# TRY IT
Before printing, remove every picture; then print the lines below exactly, from the first line through the line containing "Men's mid top".

# COLLECTED DATA
◇ ◇ ◇ ◇
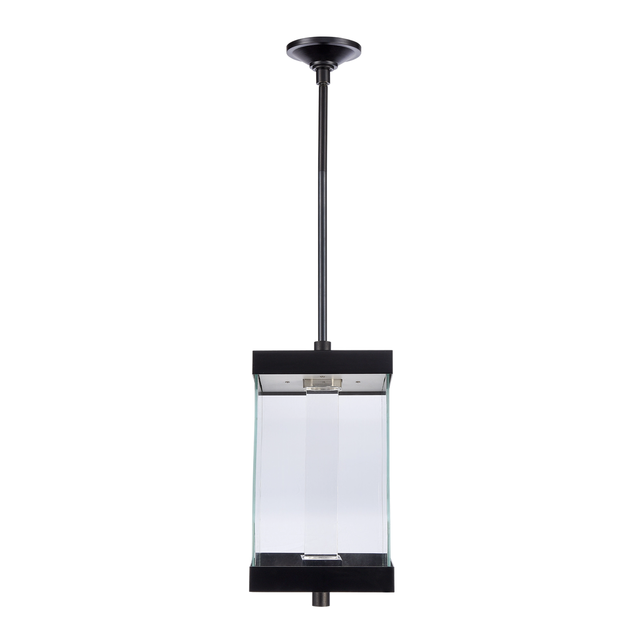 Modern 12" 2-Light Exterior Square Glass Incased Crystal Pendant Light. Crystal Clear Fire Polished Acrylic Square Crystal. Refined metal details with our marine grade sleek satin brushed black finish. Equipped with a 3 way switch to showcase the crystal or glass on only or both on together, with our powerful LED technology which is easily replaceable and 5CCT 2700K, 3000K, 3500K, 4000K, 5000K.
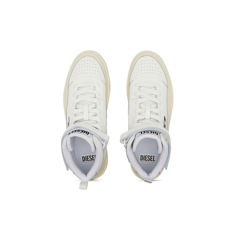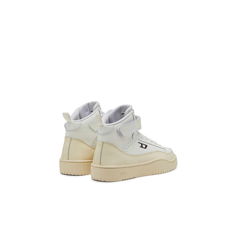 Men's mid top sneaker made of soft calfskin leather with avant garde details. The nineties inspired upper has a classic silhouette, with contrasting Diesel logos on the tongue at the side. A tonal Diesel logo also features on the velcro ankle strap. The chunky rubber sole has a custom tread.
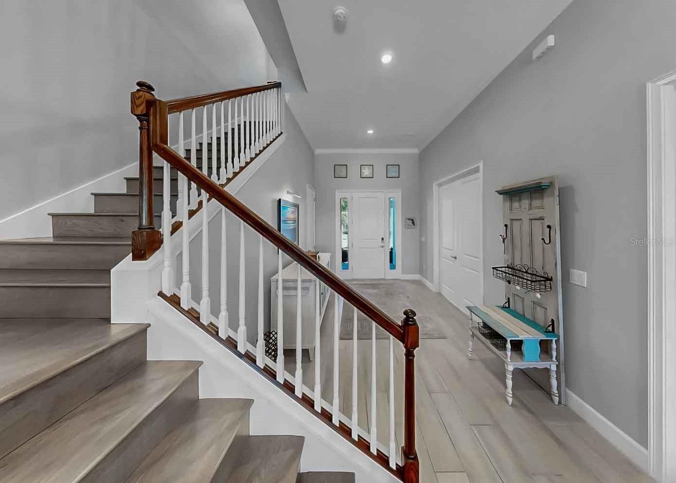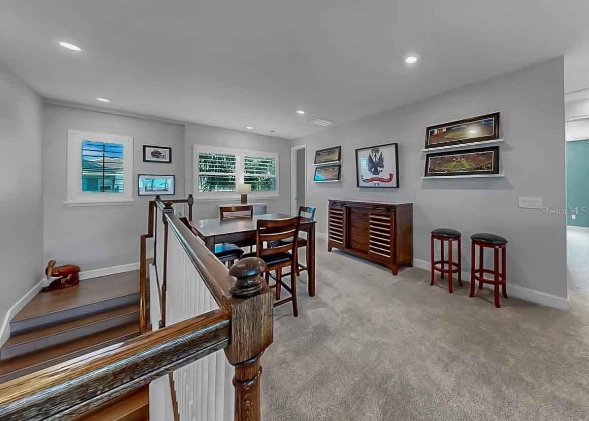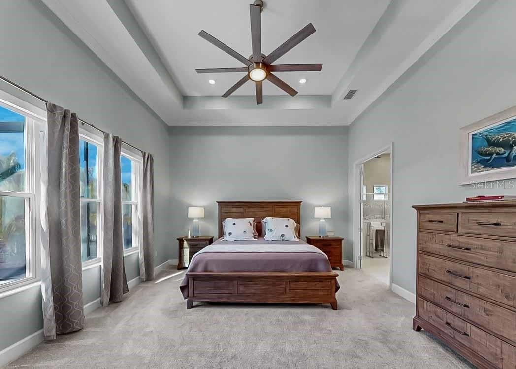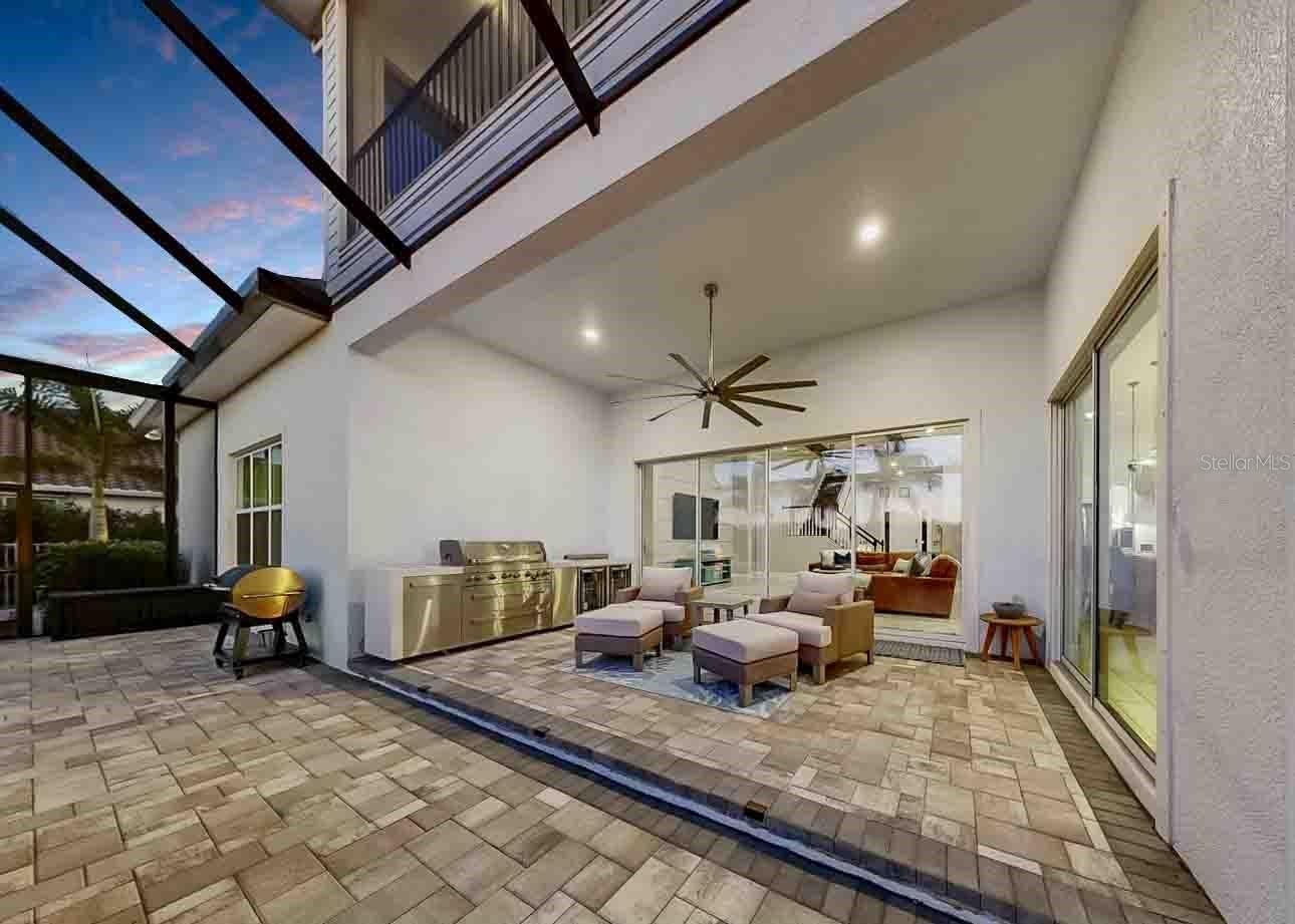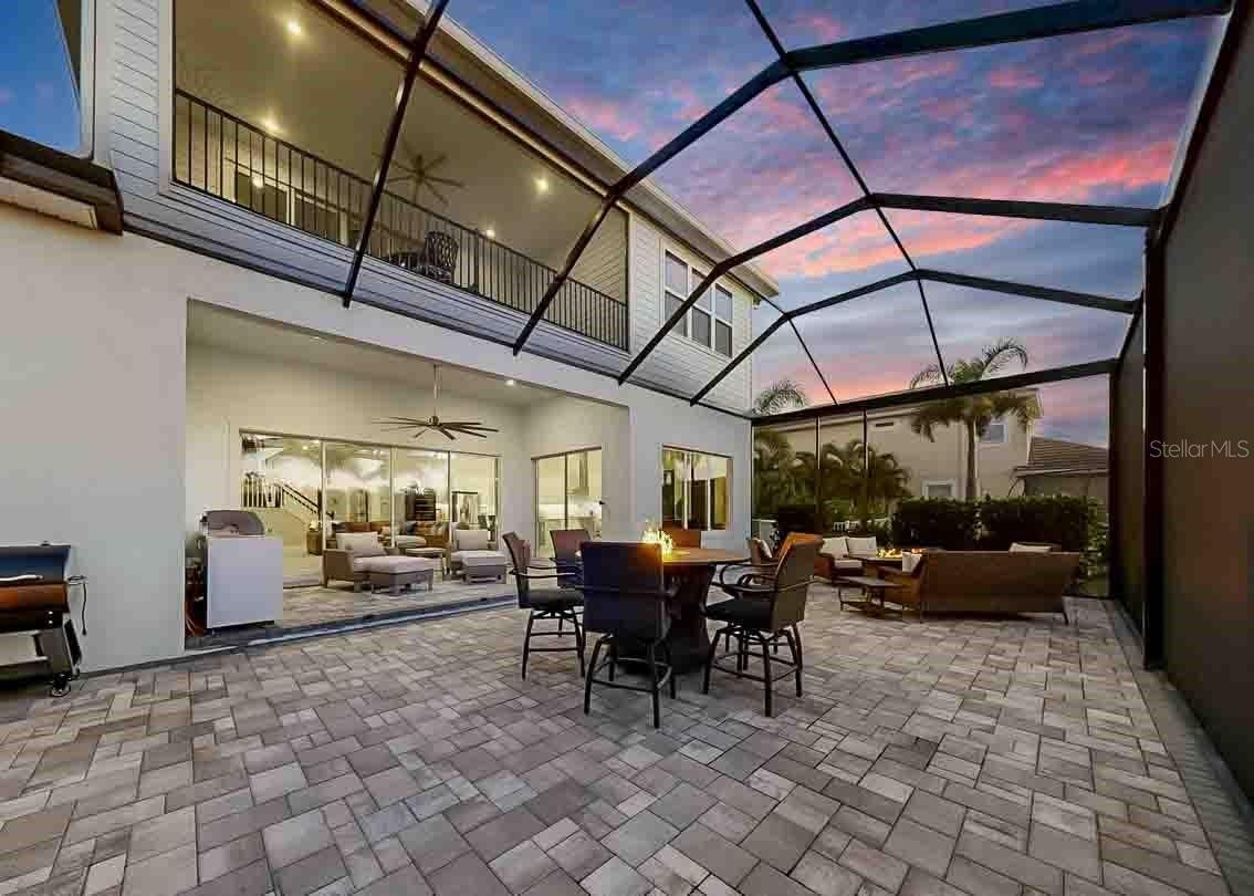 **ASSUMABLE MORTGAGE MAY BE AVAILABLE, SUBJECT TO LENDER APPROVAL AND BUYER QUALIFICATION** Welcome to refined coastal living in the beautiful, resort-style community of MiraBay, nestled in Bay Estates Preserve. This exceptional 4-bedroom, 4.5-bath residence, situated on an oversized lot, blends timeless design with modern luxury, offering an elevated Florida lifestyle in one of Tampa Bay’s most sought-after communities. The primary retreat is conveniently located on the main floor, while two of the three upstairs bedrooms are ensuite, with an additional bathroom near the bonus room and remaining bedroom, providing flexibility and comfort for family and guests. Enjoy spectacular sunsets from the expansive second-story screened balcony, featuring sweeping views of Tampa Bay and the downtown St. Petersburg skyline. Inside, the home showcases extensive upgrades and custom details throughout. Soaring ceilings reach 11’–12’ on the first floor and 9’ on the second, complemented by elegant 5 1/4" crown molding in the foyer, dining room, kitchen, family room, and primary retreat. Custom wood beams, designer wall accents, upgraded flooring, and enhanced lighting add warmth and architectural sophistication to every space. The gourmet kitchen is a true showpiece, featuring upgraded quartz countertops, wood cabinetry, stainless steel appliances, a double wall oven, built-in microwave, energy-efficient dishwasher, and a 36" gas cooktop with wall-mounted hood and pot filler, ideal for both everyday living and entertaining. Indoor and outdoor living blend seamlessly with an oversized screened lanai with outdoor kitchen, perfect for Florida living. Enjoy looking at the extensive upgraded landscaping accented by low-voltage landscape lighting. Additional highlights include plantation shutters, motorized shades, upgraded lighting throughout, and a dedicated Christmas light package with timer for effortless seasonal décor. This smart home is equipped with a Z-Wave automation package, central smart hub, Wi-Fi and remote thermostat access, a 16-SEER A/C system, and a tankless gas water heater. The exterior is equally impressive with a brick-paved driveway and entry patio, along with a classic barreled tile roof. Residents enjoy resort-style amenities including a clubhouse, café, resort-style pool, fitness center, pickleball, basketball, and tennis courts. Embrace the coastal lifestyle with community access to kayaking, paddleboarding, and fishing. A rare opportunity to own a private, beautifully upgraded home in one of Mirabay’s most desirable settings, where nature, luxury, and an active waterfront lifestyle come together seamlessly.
◇ ◇ ◇ ◇
# SOLVED PROBLEM
 Modern 12" 2-Light Exterior Square Glass Incased Crystal Pendant Light. Crystal Clear Fire Polished Acrylic Square Crystal. Refined metal details with our marine grade sleek satin brushed black finish. Equipped with a 3 way switch to showcase the crystal or glass on only or both on together, with our powerful LED technology which is easily replaceable and 5CCT 2700K, 3000K, 3500K, 4000K, 5000K.
 Men's mid top sneaker made of soft calfskin leather with avant garde details. The nineties inspired upper has a classic silhouette, with contrasting Diesel logos on the tongue at the side. A tonal Diesel logo also features on the velcro ankle strap. The chunky rubber sole has a custom tread.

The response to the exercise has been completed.